= Faze Action =

British dance music band

Faze Action are a British dance music band, composed of brothers Simon and Robin Lee.

Over the years, Faze Action blended house music with Western classical, pan-African, and Latin music. Its music is also heavily influenced by funk, disco, and jazz.

The Lee brothers grew up in Amersham, Buckinghamshire, England, and they were both interested in music from an early age. Robin went on to study music at Goldsmiths College in London.

The pair collaborated in 1995 to produce the Original Disco Motion EP, which was supported by DJs such as François Kevorkian. Shortly afterwards Robin moved to Osaka, Japan, to work as an English teacher. Meanwhile, the success of the group's debut EP won it a contract with Nuphonic Records. The pair then in 1996 produced a single called "In the Trees", which won them increased exposure and is still probably its most famous track. In conjunction with a reissue of the track in the winter of 2007, a number of remixes were also released by Carl Craig, Jerome Sydenham, and Tiger Stripes.

After Robin returned to the UK, the pair released its first album, 1997's Plans and Designs.

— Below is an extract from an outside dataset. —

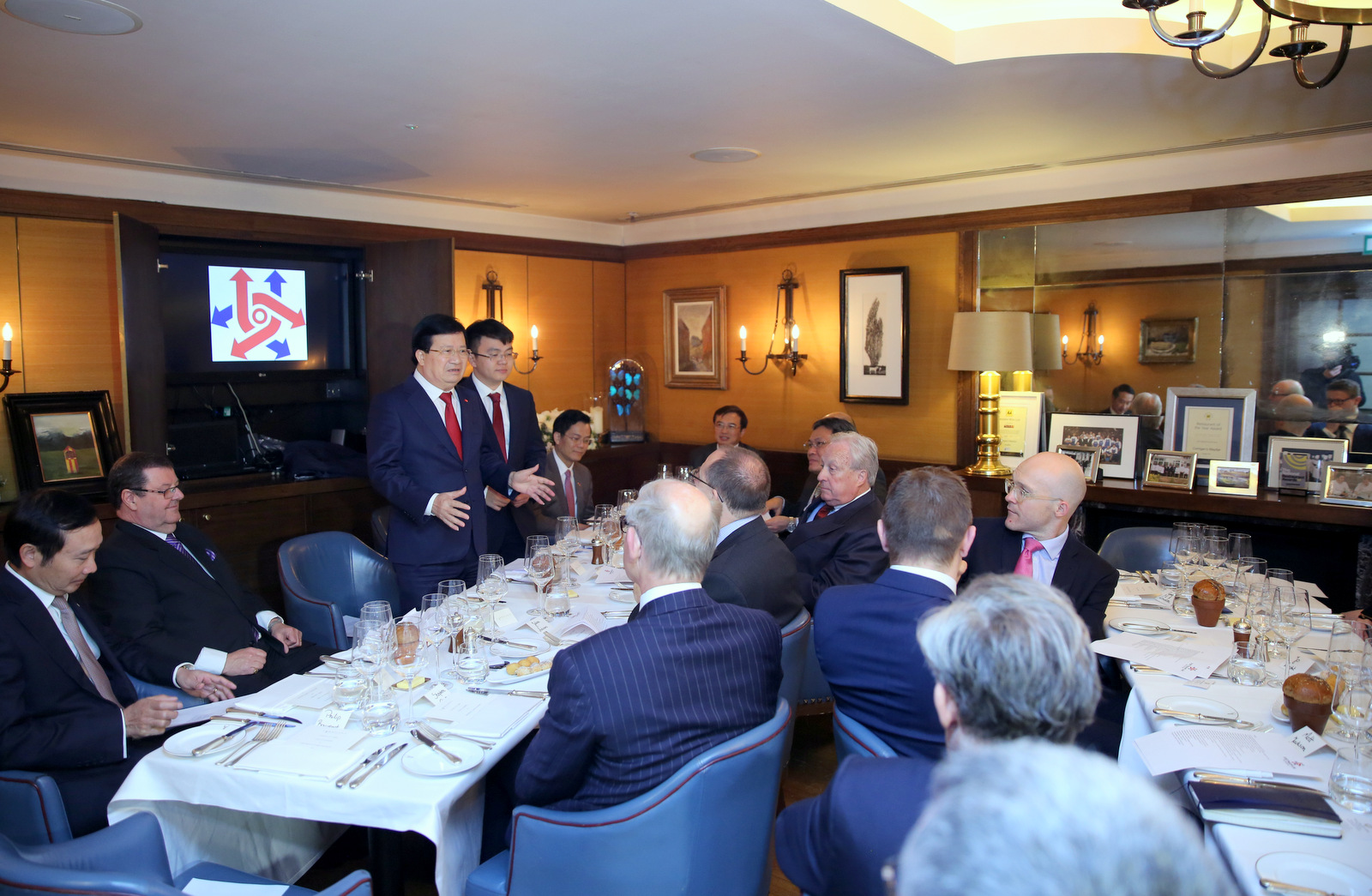 Tại cuộc ăn trưa làm việc với lãnh đạo các doanh nghiệp Anh, Phó Thủ tướng Trịnh Đình Dũng khẳng định, Việt Nam sẽ tiếp tục đẩy mạnh cải cách thể chế, cải thiện môi trường đầu tư, kinh doanh, tạo điều kiện thuận lợi cho doanh nghiệp Anh đến hợp tác đầu tư, kinh doanh hiệu quả tại Việt Nam. Ảnh: VGP/Xuân Tuyến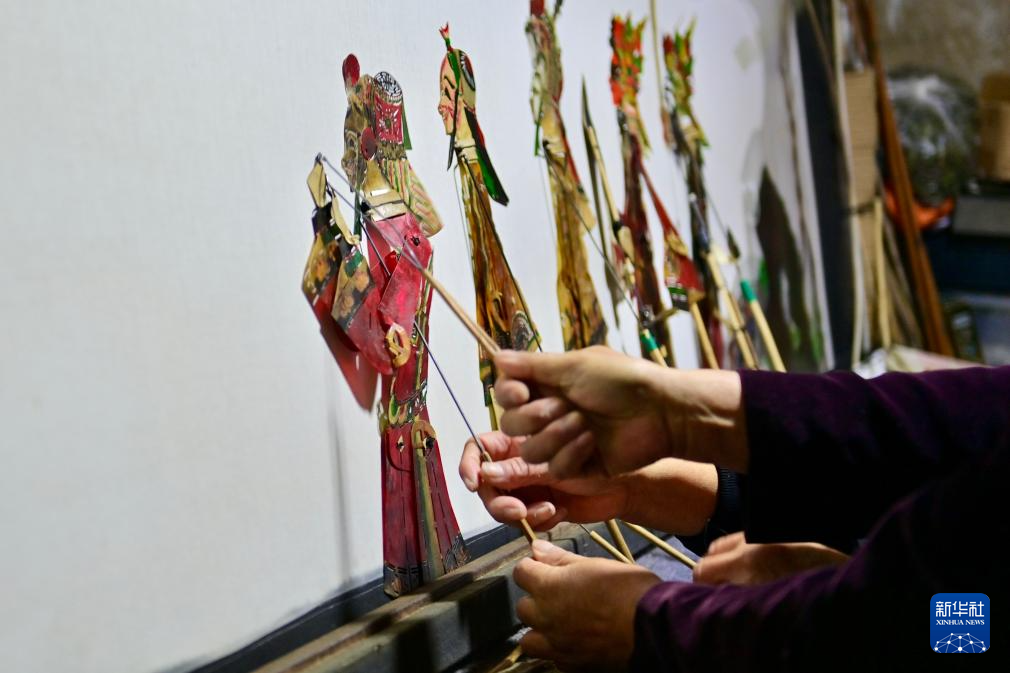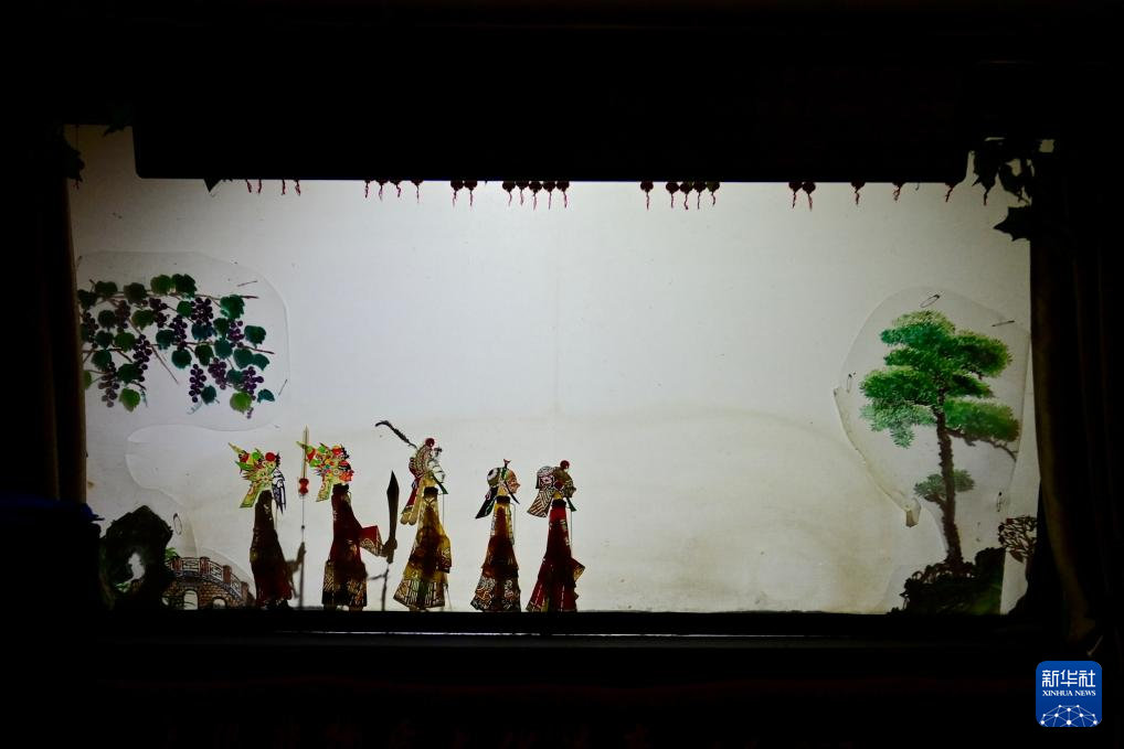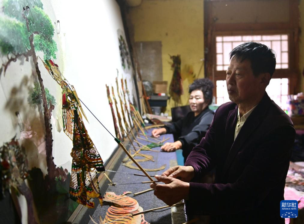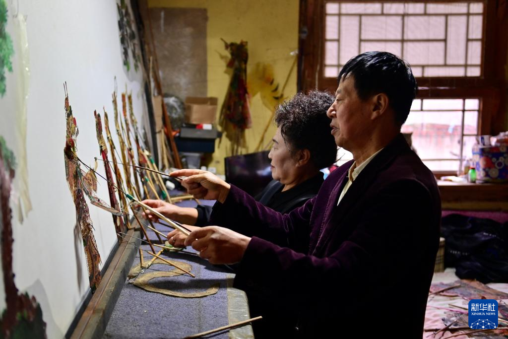 10月13日,寬甸八河川皮影戲第五代傳承人王長水和妻子在表演皮影戲《楊家將》。

The pair has subsequently released a number of singles and albums; their tracks have been remixed by Rae and Christian and Cinematic Orchestra.

In the United States, an album, Moving Cities (1999), was licensed to F-111/Warner Bros. Records.

Faze Action have a long list of remix credits that include Yellow Sox, Diana Brown, D*Note, Femi Kuti, Serge Gainsbourg, Metronomy, Ibibio Sound Machine, Francois Kevorkian and Saint Etienne.

June 2009 saw the release of their album Stratus Energy, which featured 1980s-like disco vocals and synths. Faze Action released their Body of One LP in 2014. Singles from the LP have included remixes by Phil Mison, Dicky Trisco, Chuggy and Eric Duncan.

As an eight piece live entity, Faze Action have toured extensively with an early stint across North America with Groove Armada in 2000, as a headline act for the Vibes on a Summers Day festival in Australia, Glastonbury, The Big Chill, Benicassim and more. They continue to be in demand DJs having signed to the MN2S agency early in 2015.

In 2018 a career-spanning 'best of' was released under the title Faze Action Presents - Disco Excursions Vol. 1, and, as of 2024, the Lee brothers were still issuing new material.